The first line of the entries and each line after it, through the one that contains "讲座由院长王仕勇主持。王院长", are to be duplicated exactly; no picture belongs in the copy.

* _MATERIAL TO PROCESS_:

######

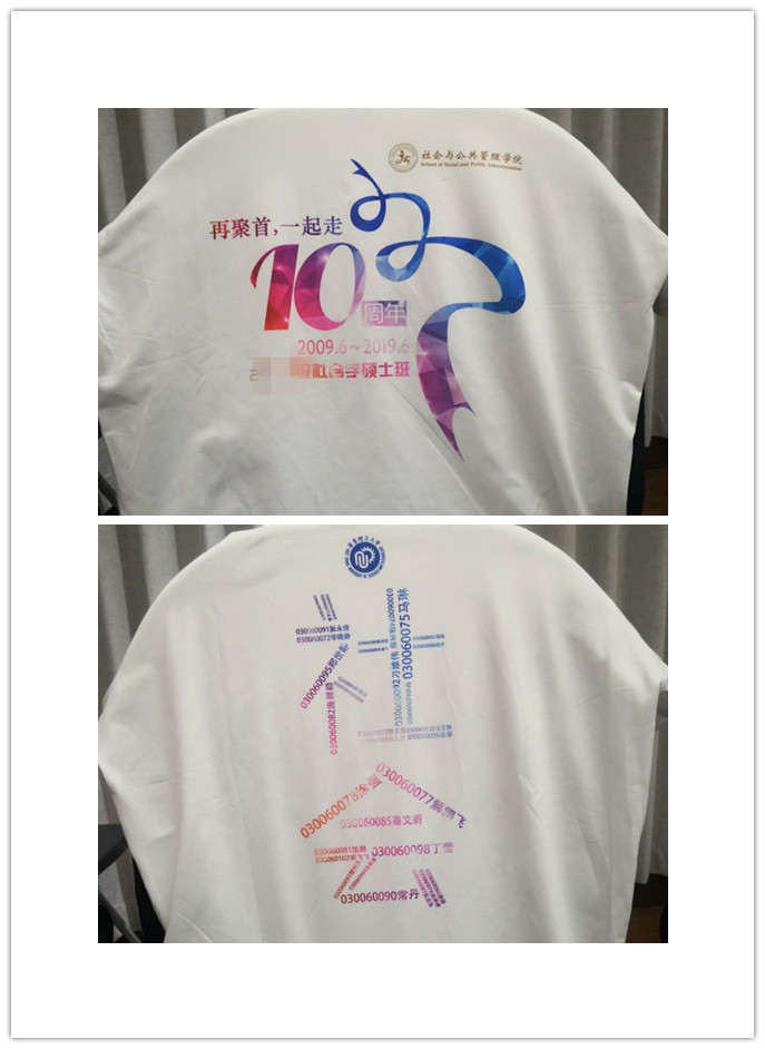 本次十年聚以见一次面、拍一张照、进一间教室、逛一趟校园、看一眼宿舍、搞一场活动、开一次班会、写一封信给十年后的自己、谢一届老师、吃一顿食堂等“十个一”的场景逐次开展。在定制的体恤衫上,由全班同学名字组成“社会”图案是他们感恩学校教育老师教诲的集中体现,专业、包容、豁达都集中在“社会”二字上。
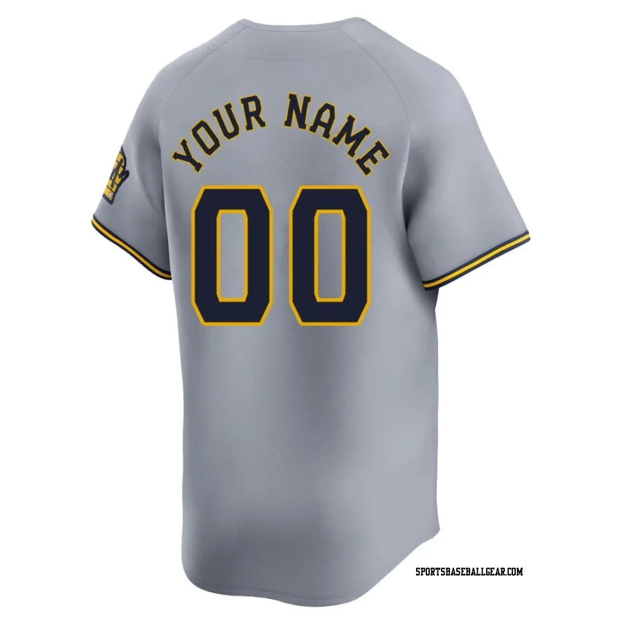 Get the Custom Men's Milwaukee Brewers Gray Limited Away Jersey, showcasing the latest design and premium quality for dedicated fans. Elevate your baseball wardrobe now!
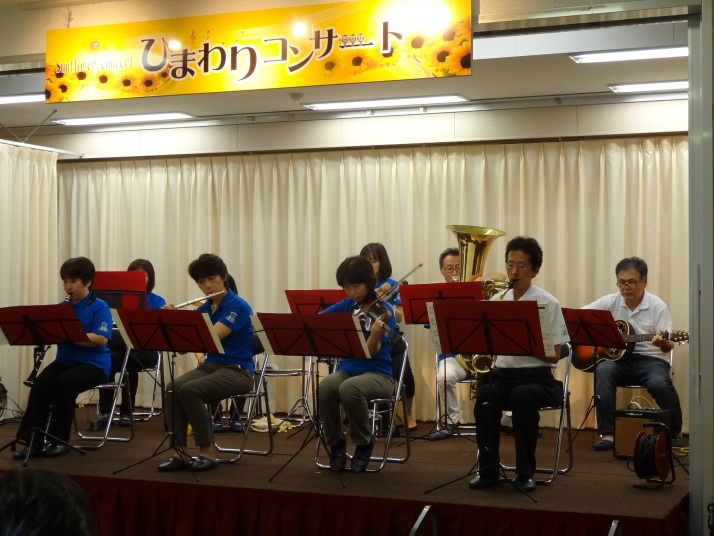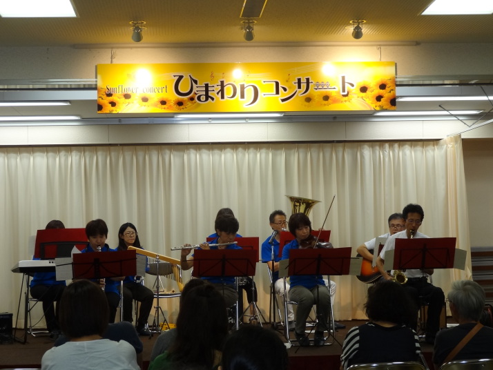 | 公民館の行事で3年目を迎えるひまわりコンサート。地元中学生の木管ユニット、金管ユニット、そのあと地元在住の高校生によるピアノとフルート、声楽の演奏のあと、3組目として演奏しました。 |
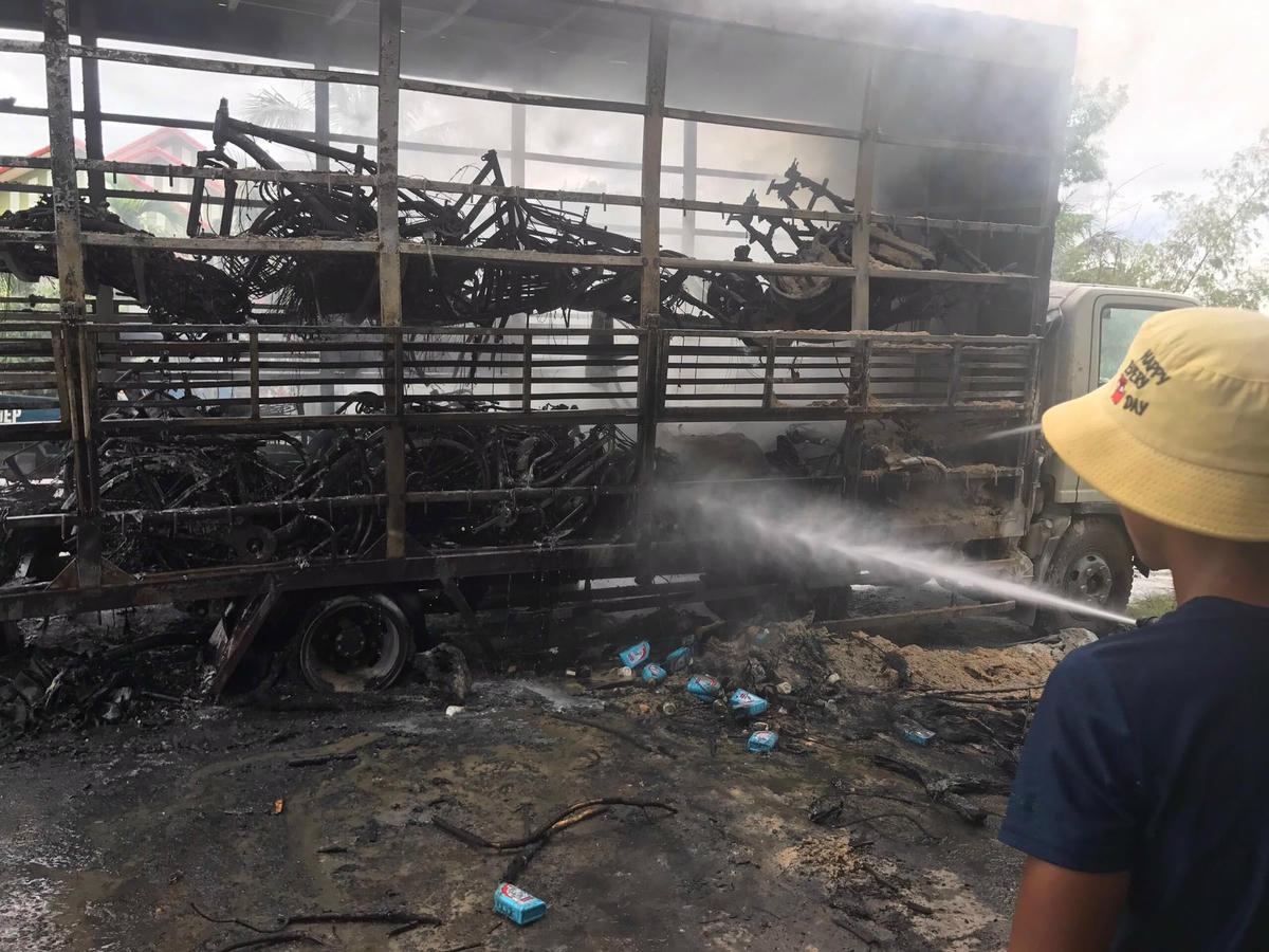 'Bà hỏa' bất ngờ thiêu rụi chiếc xe tải và hàng chục chiếc xe đạp
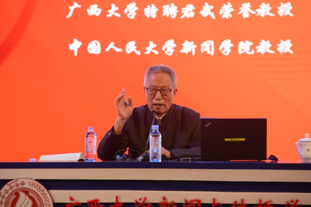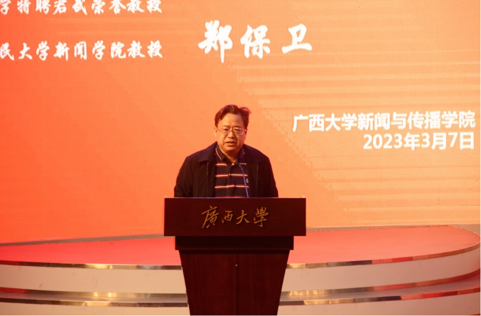 讲座由院长王仕勇主持。王院长说,2017年郑保卫教授担任学院院长以来,带领sunbet申搏新传人主动服务广西经济社会发展和国家总体战略,扎实开展教书育人工作和学科建设工作,近五年获批国家社科基金重大项目、重点项目、一般项目等11项,学院在马克思主义新闻观、民族文化传播、气候与健康传播、中国-东盟区域传播等领域凸显特色。王院长介绍,“达文大讲堂”,是学院计划建成的品牌性学术活动,旨在致敬历史、筑梦未来,进一步浓厚学术氛围,凝练学科方向,产出优秀成果。
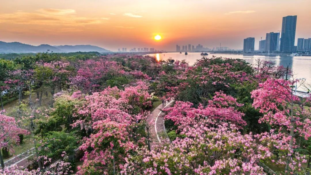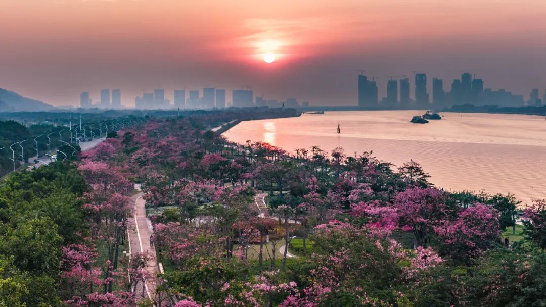 每年立冬前后,告別春夏雨季的橫琴花海長廊便迎來了她一年之中最美麗的季節(jié)——美麗異木棉盛花期。絢爛的粉色花海以飽滿、茂盛、茁壯的姿態(tài)展現(xiàn)在市民游客們面前,海岸四處洋溢著浪漫與溫馨。
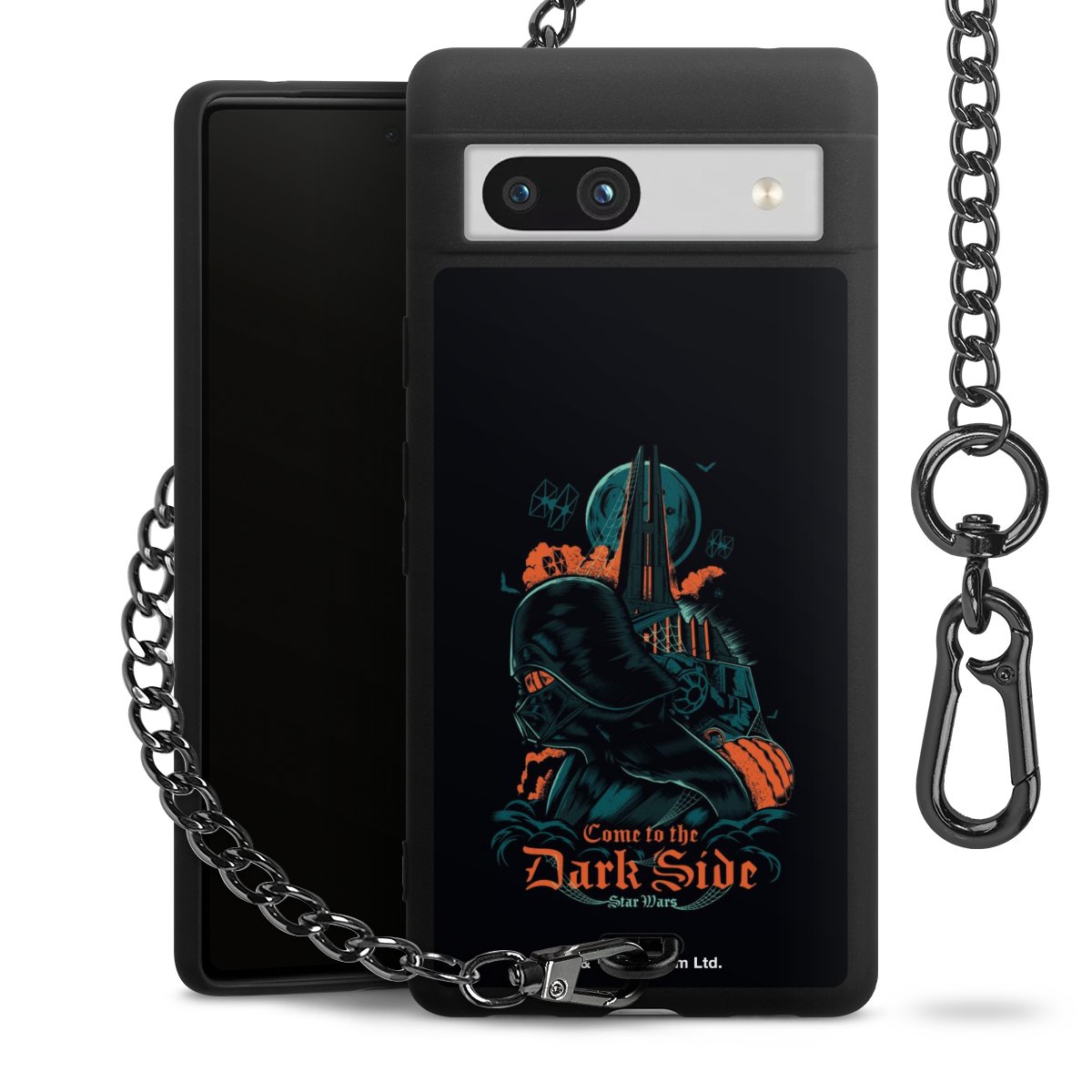 Die mattschwarze Silikon-Handyhülle besteht aus robustem TPU (thermoplastisches Polyurethan). Sie ist flexibel und schützt Dein Smartphone vor Stößen und Kratzern. Die Kette sowie der Karabinerhaken sind aus Metall in Gunmetal-Optik gefertigt. Für dieses Produkt kommen ausschließlich TÜV-geprüfte Materialien zum Einsatz.

######

* _SOLUTION FOR THIS TASK_:
 本次十年聚以见一次面、拍一张照、进一间教室、逛一趟校园、看一眼宿舍、搞一场活动、开一次班会、写一封信给十年后的自己、谢一届老师、吃一顿食堂等“十个一”的场景逐次开展。在定制的体恤衫上,由全班同学名字组成“社会”图案是他们感恩学校教育老师教诲的集中体现,专业、包容、豁达都集中在“社会”二字上。
 Get the Custom Men's Milwaukee Brewers Gray Limited Away Jersey, showcasing the latest design and premium quality for dedicated fans. Elevate your baseball wardrobe now!
 | 公民館の行事で3年目を迎えるひまわりコンサート。地元中学生の木管ユニット、金管ユニット、そのあと地元在住の高校生によるピアノとフルート、声楽の演奏のあと、3組目として演奏しました。 |
 'Bà hỏa' bất ngờ thiêu rụi chiếc xe tải và hàng chục chiếc xe đạp
 讲座由院长王仕勇主持。王院长说,2017年郑保卫教授担任学院院长以来,带领sunbet申搏新传人主动服务广西经济社会发展和国家总体战略,扎实开展教书育人工作和学科建设工作,近五年获批国家社科基金重大项目、重点项目、一般项目等11项,学院在马克思主义新闻观、民族文化传播、气候与健康传播、中国-东盟区域传播等领域凸显特色。王院长介绍,“达文大讲堂”,是学院计划建成的品牌性学术活动,旨在致敬历史、筑梦未来,进一步浓厚学术氛围,凝练学科方向,产出优秀成果。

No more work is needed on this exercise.